Ariarne Titmus, 18, and Emma McKeon, 25, each starred at Australia’s trials for July’s worlds in South Korea. Full results are here.

Titmus, who emerged last year as Ledecky’s closest competition ever in the 400m free, won the 400m and 800m frees at trials. Her 400m time — 3:59.35 — is just .07 off Ledecky’s fastest time in the world this year (which Ledecky set at a small meet in California on Saturday).

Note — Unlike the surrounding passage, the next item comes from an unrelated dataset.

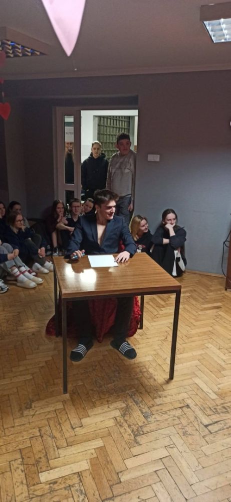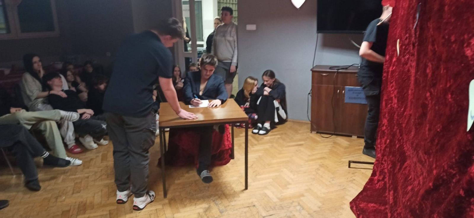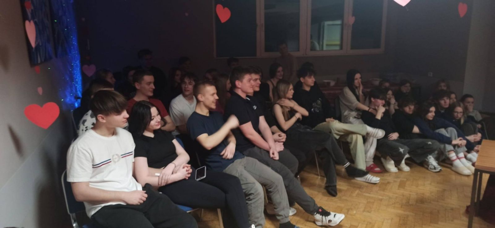 Walentynkowy wieczór w naszym internacie był pełen emocji i… "romantycznych" niespodzianek! Poczta Walentynkowa sprawiła, że wiele osób otrzymało urocze wiadomości i słodkie upominki. Niektóre kartki wywołały rumieńce, inne – salwy śmiechu! Randka w ciemno – tu dopiero działo się coś niezwykłego! Nikt nie spodziewał się TAKIEGO finału… a jednak! Los połączył parę, która całkowicie zaskoczyła wszystkich! Czy to początek pięknej historii? Czas pokaże... Dyskoteka walentynkowa rozkręciła imprezę na dobre! Tańce, dobra muzyka i świetna atmosfera sprawiły, że ten wieczór zapamiętamy na długo.

Ledecky is undefeated in 400m, 800m and 1500m free finals at major international meets, but that record could be tested like never before at worlds.

The 200m free is another story for Ledecky, who took silver at the 2017 Worlds and bronze at the 2018 Pan Pacific Championships. This year, she ranks fourth in that event, the shortest of her individual races.

Titmus leads the way this year at 1:54.30, a time that Ledecky hasn’t bettered since she won Rio Olympic gold in a personal-best 1:53.73. But Titmus was beaten at Australia’s trials by the veteran McKeon (albeit in 1:54.55, No. 2 in the world this year). McKeon shared silver with Ledecky at the 2017 Worlds.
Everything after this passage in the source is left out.